RECORDS SHOWN section start

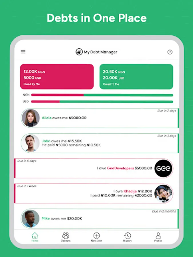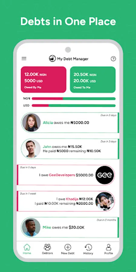 With My Debt Manager, you can easily track and manage your debts in one convenient place. Your information is automatically backed up, so you won't lose your debt records even if you switch phones. The app utilizes two colors, Red and Green, making it simple to distinguish debts owed to you (Green) from debts owed by you (Red).
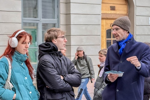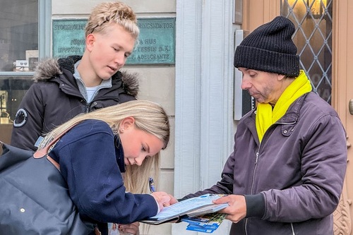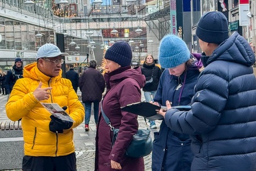 Рядом со знаменитым Стокгольмским концертным залом практикующие рассказывают о преследовании Фалунь Дафа в Китае многим людям, которые после этого подписывают петицию
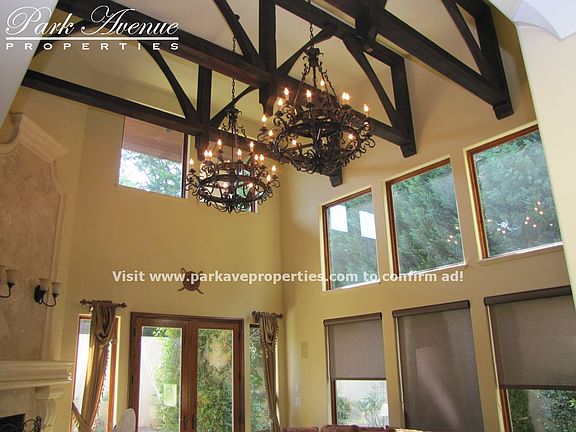 This custom-built Spanish villa is fit for a king and queen! The exquisite detailing must be experienced by visiting the home. Onyx, granite, marble, ironwork and faux finishes adorn the home throughout. Custom chandeliers, a spiral staircase, vaulted ceilings, floor to ceiling windows, hanging wood beams add to the luxury of the home. The center of this villa is its 1,200 sq. foot courtyard with built-in fireplace! Romanesque columns and diamond-shaped layed stone highlight the area with plenty of space for seating to relax and/or entertain. The main floor boasts 2 bedrooms and 2.5 bathrooms (the Master Suite is luxurious), living room, formal dining room, chef's kitchen, breakfast area and laundry room. The upper level does not disappoint with 3 bedrooms, 2.5 bathrooms, a bonus room, playroom and media room (with full screen, projector and leather captain chairs). A gated community with established landscaping, it features a pool and playground. Come visit this outstanding home to fully grasp the custom Mediterranean detailing!Landscaping maintenance included.
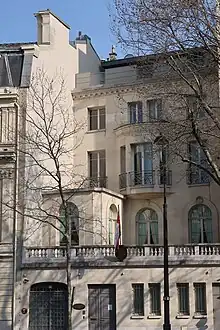 Le drapeau d'Oman flotte à l'entrée de l'ambassade omanaise à Paris. | |
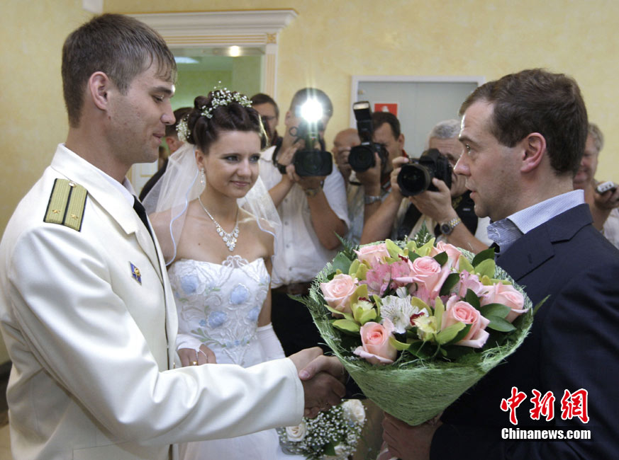 7月1日,俄总统梅德韦杰夫在远东视察时,参观了当地一处婚姻登记处,成为三对新人的婚礼见证人,并给他们送上了非常贵重的礼物。
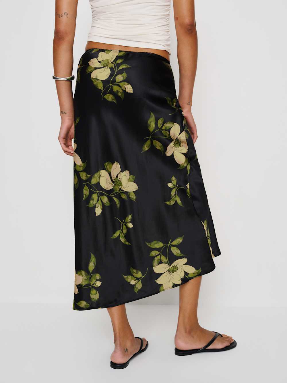 Let your skirt do the talking. Shop the Layla Silk Skirt from Reformation, a bias cut, midi skirt with an elasticated waist.
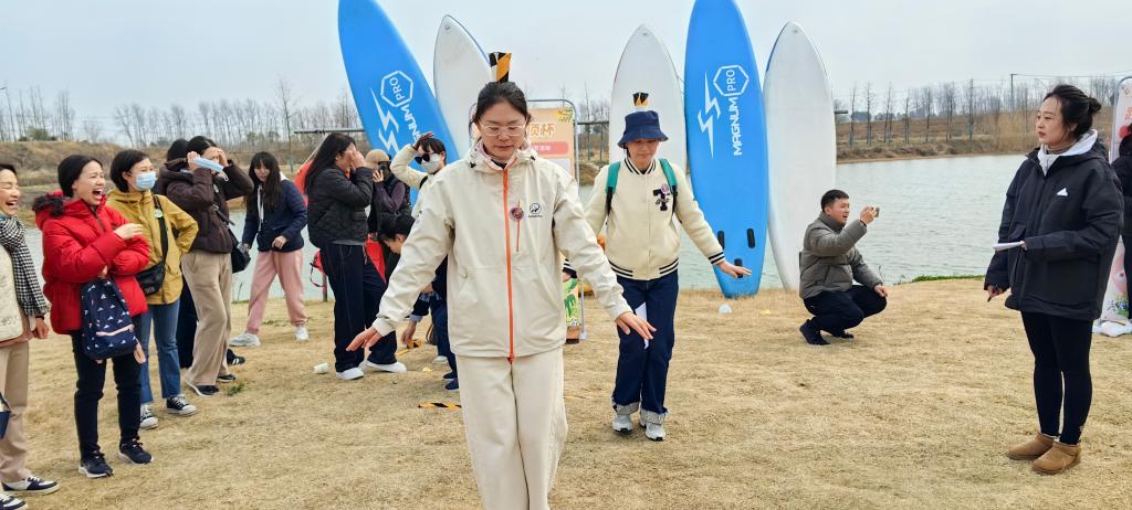 在明媚的春光中,大家畅快呼吸着新鲜的春日气息,一起健步向前,一路欢声笑语。医院工会还准备了趣味运动项目,吸引了各位女职工参加。在热烈欢乐的气氛中,大家你追我赶,争先恐后,为各自的团队争取成绩。经过激烈角逐,最终决出一等奖1个,二等奖2个,三等奖3个。下午,在制作手工团扇的帐篷里,在绘制肌理画的画室内,在围炉煮茶的木桌边,女职工有的耐心细致地粘贴着扇面,有的一笔一画地描绘着美丽,也有的在“咕嘟咕嘟”的煮茶炉边与三五同事喃喃细语,共话友情。春光里,留下了一帧帧美好的画面。
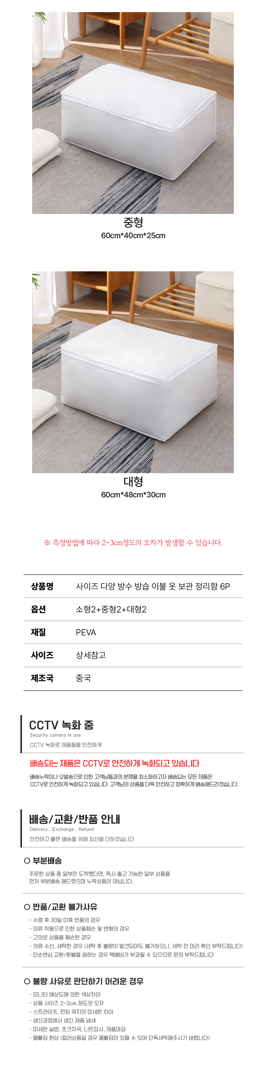 리빙공감 사이즈 다양 방수 방습 이불 옷 보관 정리함 6P

RECORDS SHOWN section end

Only the lines from the top of the data through the line with "Рядом со знаменитым" should be quoted, exactly and with both ends kept; skip the pictures.

 With My Debt Manager, you can easily track and manage your debts in one convenient place. Your information is automatically backed up, so you won't lose your debt records even if you switch phones. The app utilizes two colors, Red and Green, making it simple to distinguish debts owed to you (Green) from debts owed by you (Red).
 Рядом со знаменитым Стокгольмским концертным залом практикующие рассказывают о преследовании Фалунь Дафа в Китае многим людям, которые после этого подписывают петицию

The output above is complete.